§ GIVEN DATA:
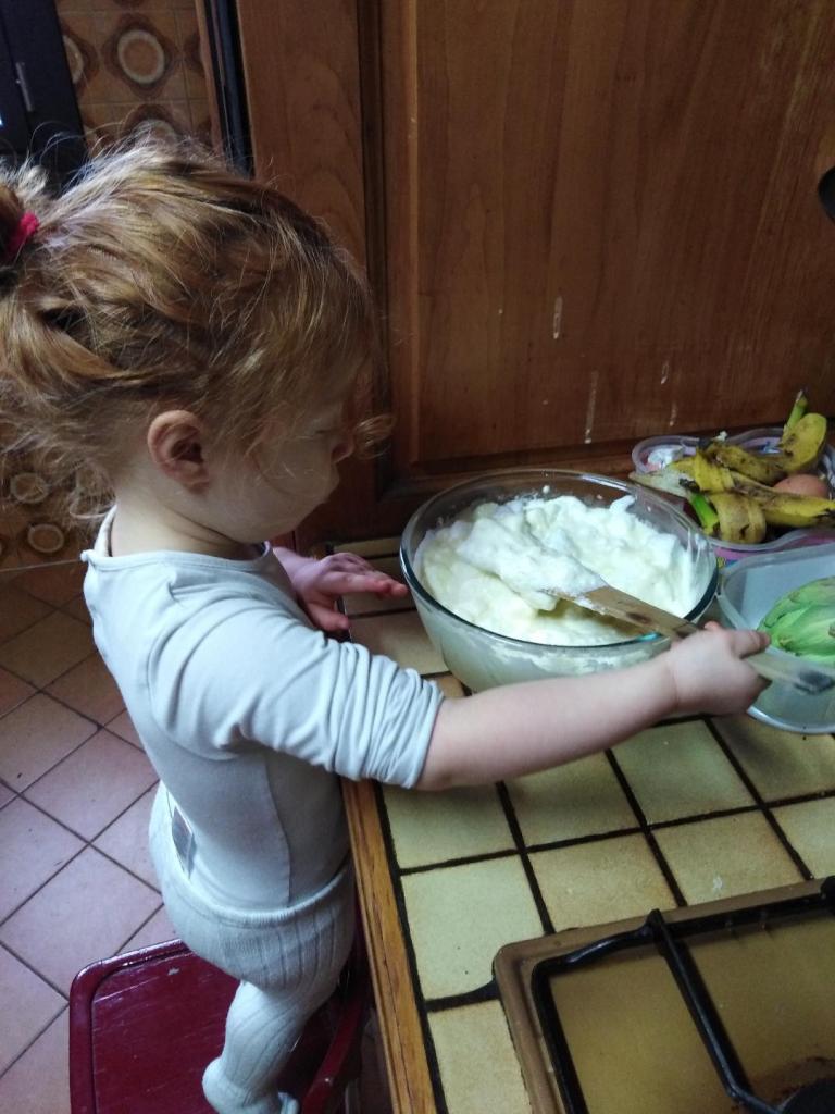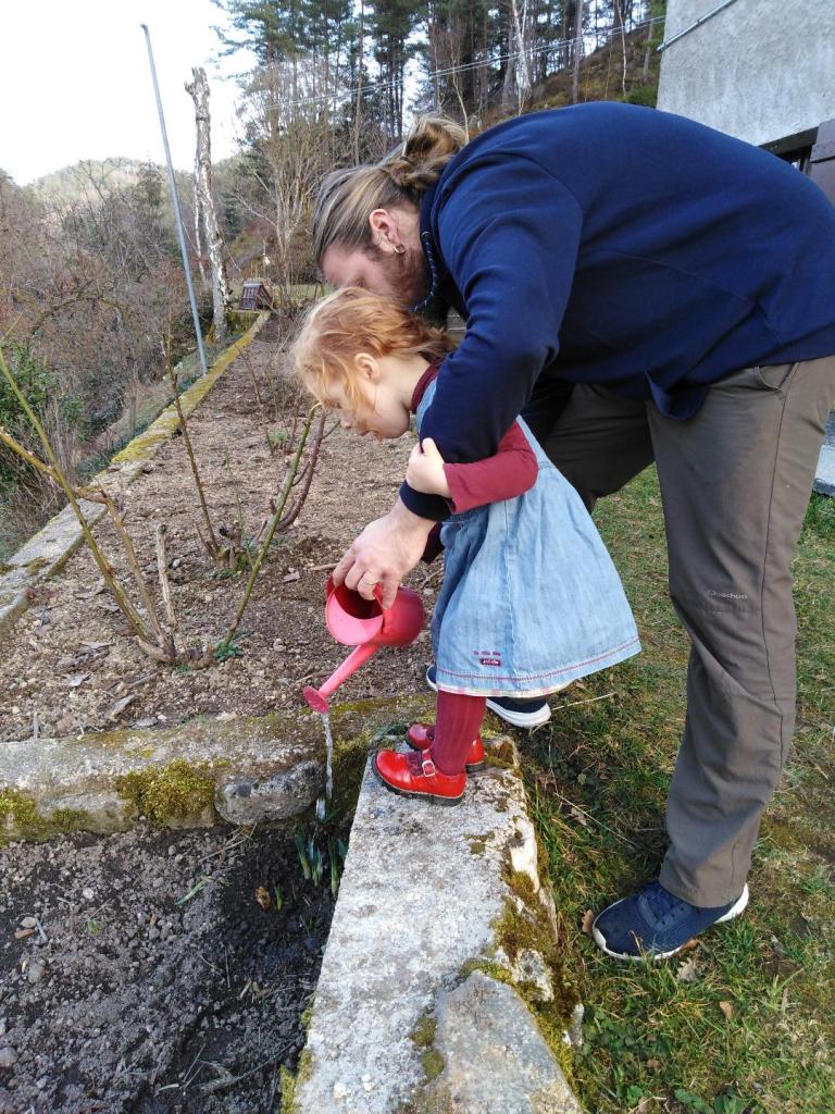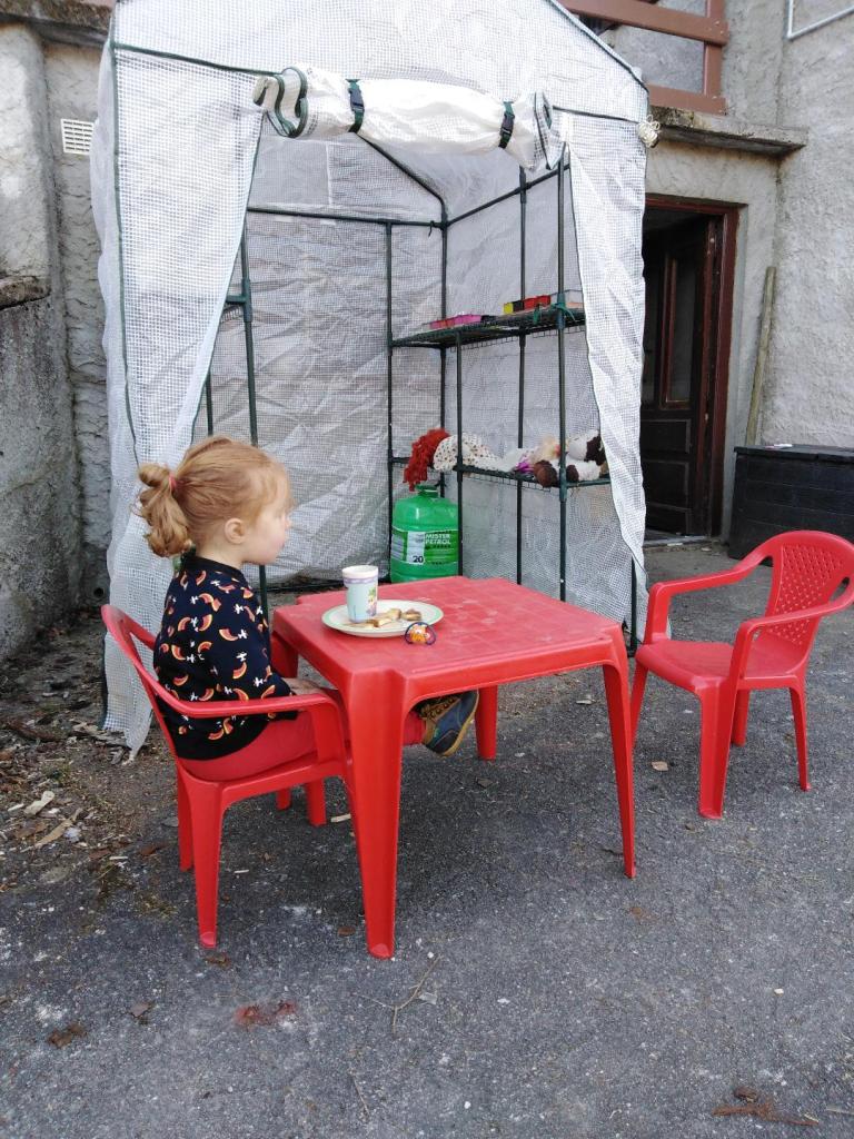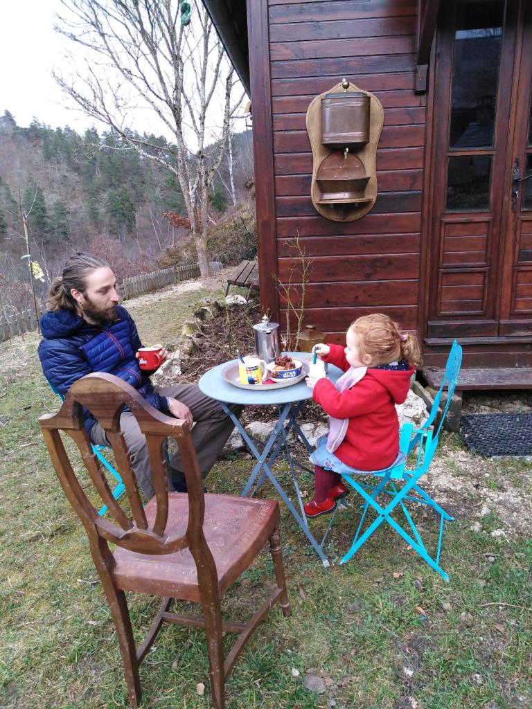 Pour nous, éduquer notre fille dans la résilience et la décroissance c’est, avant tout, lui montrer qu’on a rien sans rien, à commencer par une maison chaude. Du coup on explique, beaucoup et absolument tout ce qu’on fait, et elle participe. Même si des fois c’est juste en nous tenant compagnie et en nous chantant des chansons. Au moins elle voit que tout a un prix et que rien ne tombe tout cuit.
...
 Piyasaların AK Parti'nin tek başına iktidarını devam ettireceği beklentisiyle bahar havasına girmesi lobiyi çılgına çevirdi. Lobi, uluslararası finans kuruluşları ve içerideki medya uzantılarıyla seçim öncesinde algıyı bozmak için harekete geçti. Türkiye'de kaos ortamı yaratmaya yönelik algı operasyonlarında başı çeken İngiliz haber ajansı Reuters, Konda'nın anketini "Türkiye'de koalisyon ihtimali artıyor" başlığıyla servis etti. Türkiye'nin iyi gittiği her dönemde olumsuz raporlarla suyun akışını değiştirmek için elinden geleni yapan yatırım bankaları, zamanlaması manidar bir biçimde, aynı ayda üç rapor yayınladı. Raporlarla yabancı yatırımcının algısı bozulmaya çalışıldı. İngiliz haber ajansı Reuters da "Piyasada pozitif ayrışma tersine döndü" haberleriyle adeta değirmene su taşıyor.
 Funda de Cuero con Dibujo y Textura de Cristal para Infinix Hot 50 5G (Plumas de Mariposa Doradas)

§ TASK INSTRUCTIONS:
Using the entries above, return exactly the lines from the line with "Piyasaların AK Parti'nin" to the line with "Funda de Cuero", counting both of those lines.

§ ANSWER SECTION:
 Piyasaların AK Parti'nin tek başına iktidarını devam ettireceği beklentisiyle bahar havasına girmesi lobiyi çılgına çevirdi. Lobi, uluslararası finans kuruluşları ve içerideki medya uzantılarıyla seçim öncesinde algıyı bozmak için harekete geçti. Türkiye'de kaos ortamı yaratmaya yönelik algı operasyonlarında başı çeken İngiliz haber ajansı Reuters, Konda'nın anketini "Türkiye'de koalisyon ihtimali artıyor" başlığıyla servis etti. Türkiye'nin iyi gittiği her dönemde olumsuz raporlarla suyun akışını değiştirmek için elinden geleni yapan yatırım bankaları, zamanlaması manidar bir biçimde, aynı ayda üç rapor yayınladı. Raporlarla yabancı yatırımcının algısı bozulmaya çalışıldı. İngiliz haber ajansı Reuters da "Piyasada pozitif ayrışma tersine döndü" haberleriyle adeta değirmene su taşıyor.
 Funda de Cuero con Dibujo y Textura de Cristal para Infinix Hot 50 5G (Plumas de Mariposa Doradas)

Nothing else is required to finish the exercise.